世間話、楢崎龍のこと 其之壱
このところ、鬱陶しい梅雨空が続いている。
八木邸の庭に建設中の道場は、浪士組の晴れ舞台である徳川将軍の摂海巡視(大阪湾の海防視察)随行にも、雨の季節にも間に合わず、彼らは向かいにある前川邸の表長屋に仮の稽古場を作って急場を凌いでいたが、隊士も20人を越えるようになっては、素振りをしていても少し踏み込めば誰かのかかとを踏む有り様で、とても道場としての用を成さなかった。
一方、八木家の当主源之丞は、浪士組の大坂行きが決まってからというもの、その日を指折り数えていた。

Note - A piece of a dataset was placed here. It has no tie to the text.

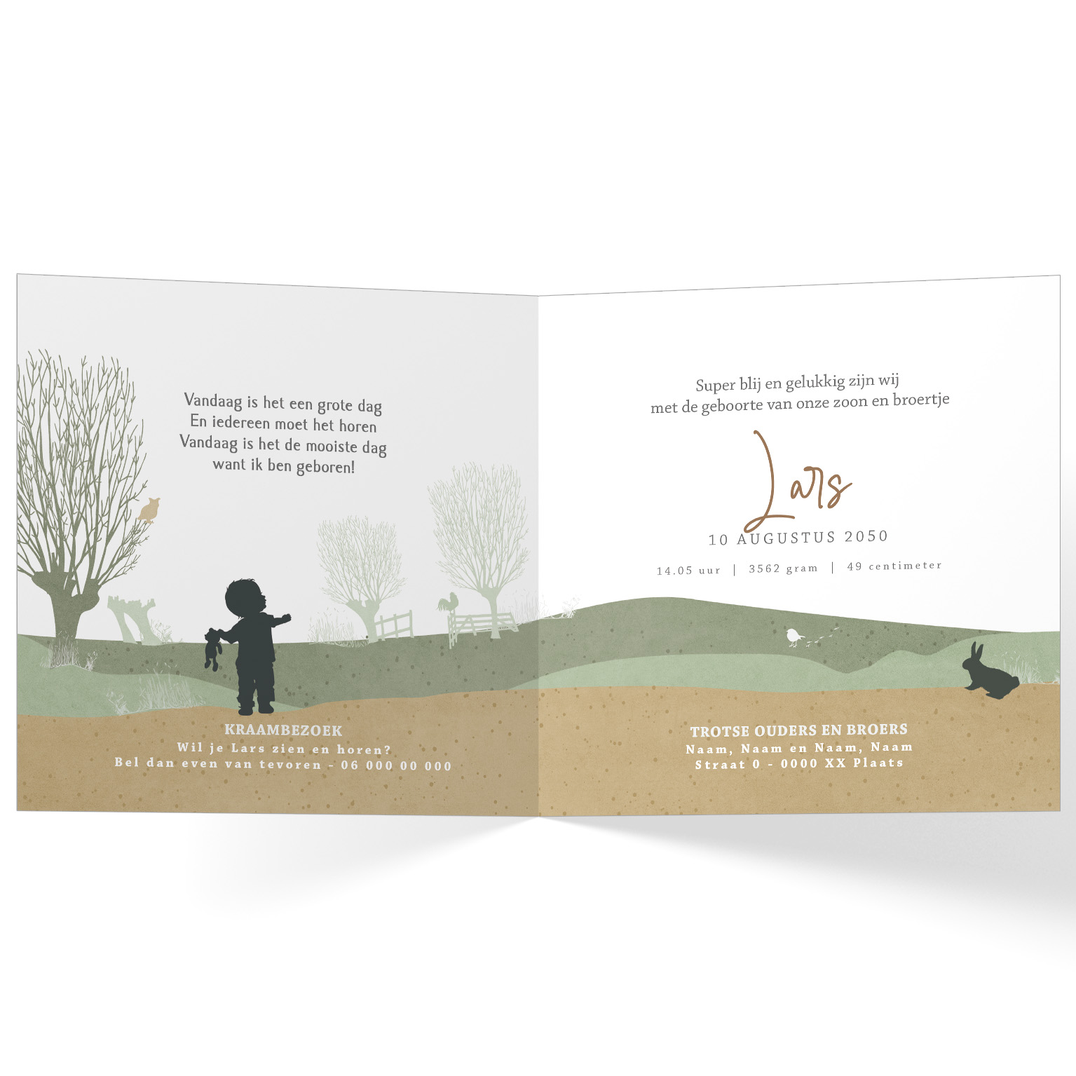 956-Super leuk silhouet geboortekaartje voor een derde kindje, een jongen. Op dit kaartje zie je grote broers wandelen met een bolderkar met daarin hun kleine baby broertje in een Hollands landschap. Kleine broer kijkt naar een luchtballon. aantal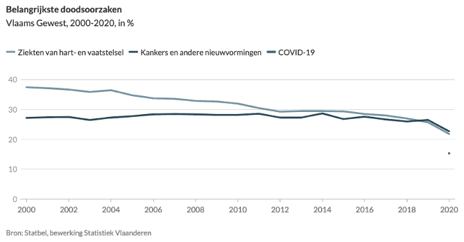 Bijna de helft van alle overlijdens in 2020 in het Vlaamse Gewest kon worden toegeschreven aan twee groepen van doodsoorzaken: kanker (of andere nieuwvormingen) (23%) en ziekten van het hart- of vaatstelstel (22%). Het effectief aantal overlijdens aan kanker en ziekten aan hart- of vaatstelsel nam tussen 2019 en 2020 wel af. In 2020 ging het om 16.133 overlijdens aan kanker (-428 tegenover 2019) en 15.481 overlijdens aan ziekten aan hart- of vaatstelsel (-586 tegenover 2019). Tegelijk stierven in 2020 10.842 personen aan de gevolgen van een Covid-19-besmetting. Dat is 15% van het totaal aantal overlijdens.

久々にこの騒がしい居候連中から解放され、少なくとも浪士たちが帰ってくるまでの間は家族と静かに暮らせるのだ。
「まあまあ、みなさん稽古にご精が出ますなあ」
上機嫌で勤め先の青蓮院から帰ってきた源之丞は、自宅の門前で向かいの格子窓から漏れる気合いの声に相づちを打ちながら、沖田総司と立ち話に興じていた。
「まあ、いよいよ将軍様の警護という当初の目的が果たせるわけですからね。隊士たちというより近藤さん、もとい近藤先生が張り切っちゃって」
「せんせと言えば、浜崎先生が怪我人が多すぎて、なんぼ手当てしても追いつかんゆうて愚痴ってはりましたで」
源之丞が言ったのは、浜崎新三郎という壬生村の開業医のことである。
浪士組が京にやってきた際、この浜崎家の屋敷を浪士たちの宿所として提供した縁もあって、以来、浪士組の掛かり付け医院のような関係になっている。
「そういや、お秩さんも毎日遅くまで帰ってこないってお雪ちゃんが泣いてたな」
沖田は浜崎診療所の助手、いわば看護師である秩には常々申し訳ない事をしていると思っていたので、彼女のひとり娘、雪の面倒をよくみていた。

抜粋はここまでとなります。